Member of the European Parliament for Croatia
- In office 1 July 2013 – 1 July 2014

Personal details
- Born: 25 June 1949 Karlovac, PR Croatia, FPR Yugoslavia (modern Croatia)
- Died: 2 March 2024 (aged 74) Karlovac, Croatia
- Party: Croatian Labourists – Labour Party
- Education: University of Zagreb

= Nikola Vuljanić =

Croatian politician (1949–2024)

Nikola Vuljanić (25 June 1949 – 2 March 2024) was a Croatian politician, member of the left-wing Croatian Labour Party, and former member of the European Parliament.

==Early life==
Nikola Vuljanić was born in Karlovac, and graduated at the University of Zagreb with an MA in philology. He started to work in education as an English language school teacher. Afterwards, he became a university teacher of technical English.

==Political career==
In 2003, he joined Croatian People's Party (HNS), being elected member of Croatian Parliament, staying in office until 2007.

After the first deputy term, he left HNS and joined Croatian Labour Party (HL). In 2011, Vuljanić was re-elected as member of Croatian Parliament on HL ticket. In 2012, he resigned his seat in Sabor, and was elected euro-observer in the European Parliament. On 1 July 2013, after Croatia joins the European Union, he was sworn in as full MEP.

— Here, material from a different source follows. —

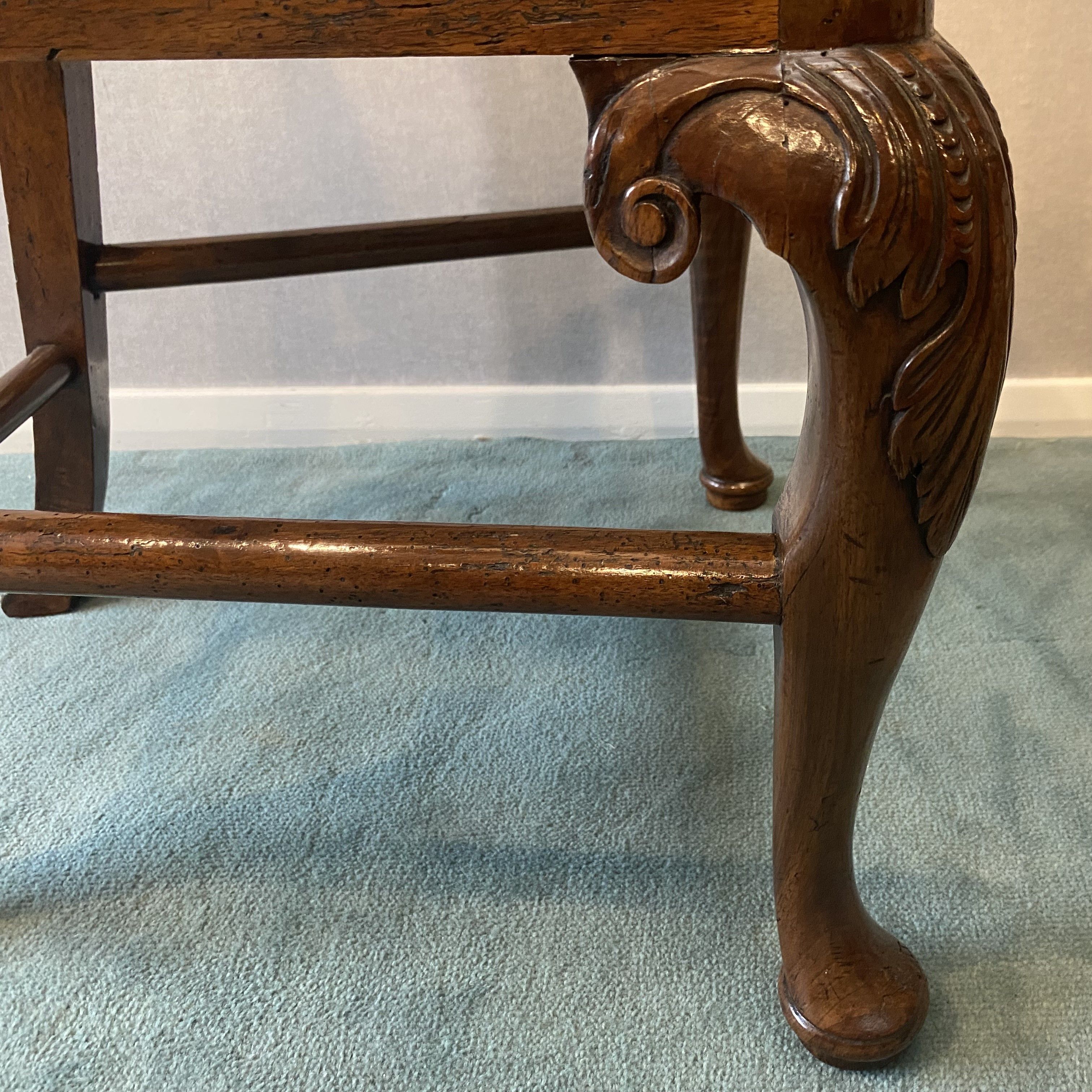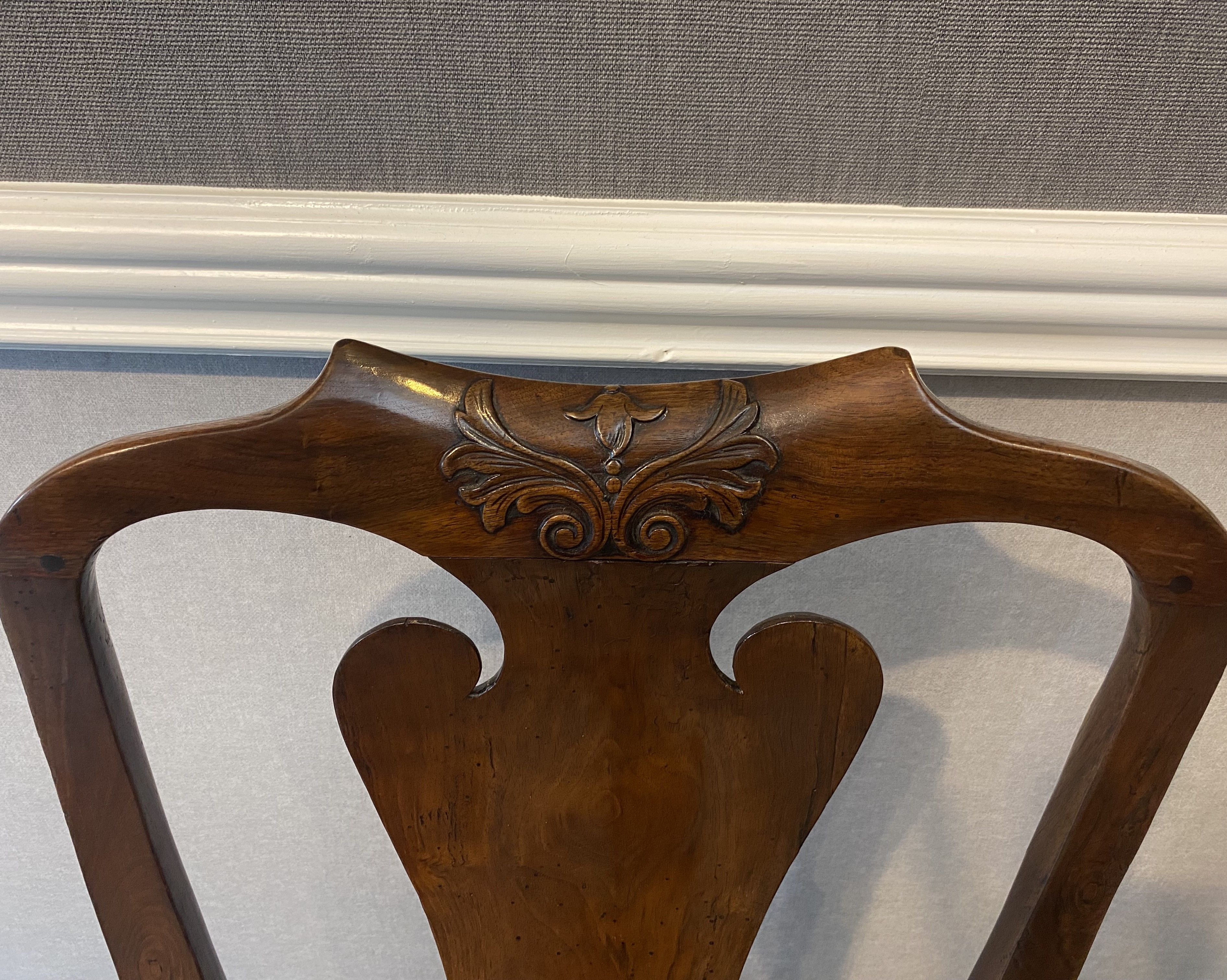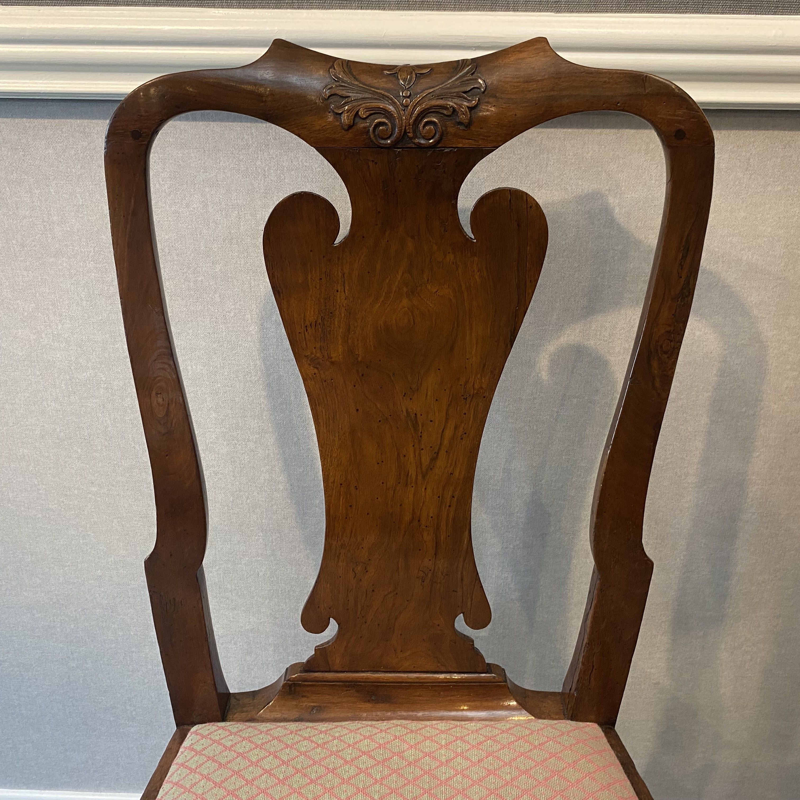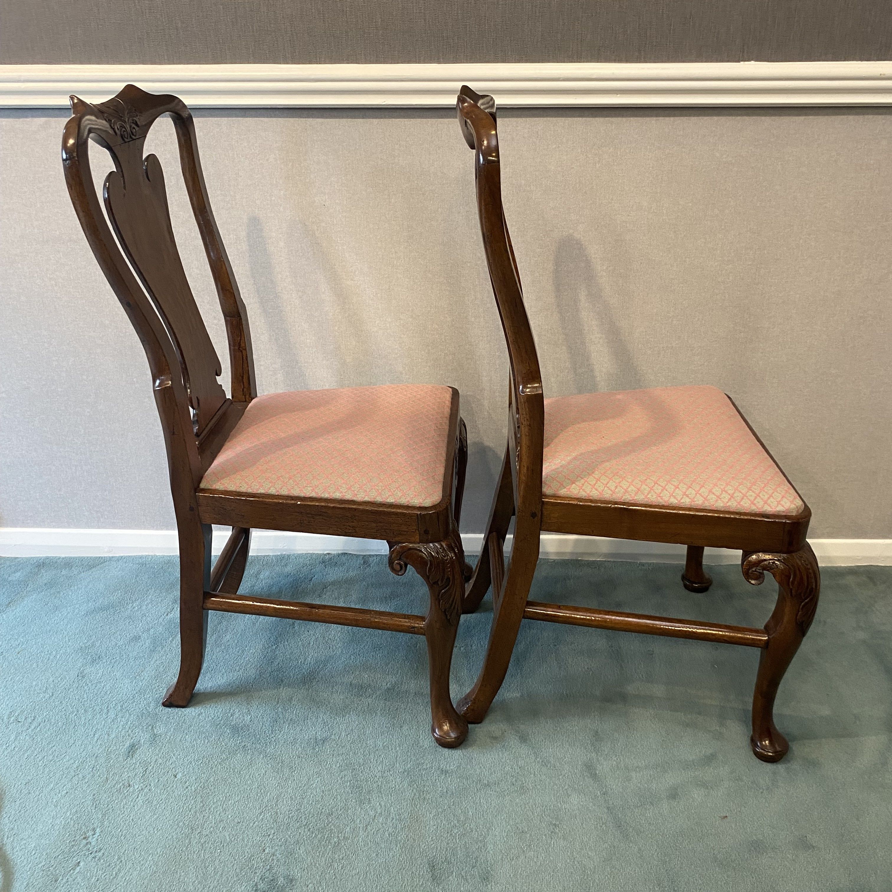 A good pair of early 18th century walnut chairs with figured back-splats and carved decoration to the top and seat rails acanthus knees to the cabriole legs with pad feet and joined by turned stretchers.

===In the Croatian Sabor===
In the 5th legislature (2003-2008), he was a member of the Committee on Legislation, Judiciary Committee, Interparliamentary Cooperation, and a deputy member of the Croatian Parliament Delegation to the Joint Parliamentary Committee EU-Croatia and the Delegation to the Parliamentary Assembly of the Organization for Security and Co-operation. Vuljanić was a member of the parliamentary group of the Croatian People's Party-Liberal Democrats (HNS).

===As euro-observer and MEP===
On 1 April 2012, Vuljanić was appointed by the Sabor to be an observer in the European Parliament. He became a member of the Committee for Culture. Serving as non-attached member few days, on 18 April 2012, Vuljanić finally joined the Group of the Progressive Alliance of Socialists and Democrats in the European Parliament (S&D). He was elected as Member of the European Parliament (MEP) in European election of 14 April 2013, on HL's lists, winning the term with 5.77% of popular votes. On 1 July 2013, after Croatia joins the European Union, Vuljanić was sworn in as full MEP. After becoming full MEP, he left S&D group to join Confederal Group of the European United Left - Nordic Green Left, and was moved to the Committee on Foreign Affairs.

==Death==
Vuljanić died in Karlovac on 2 March 2024, at the age of 74.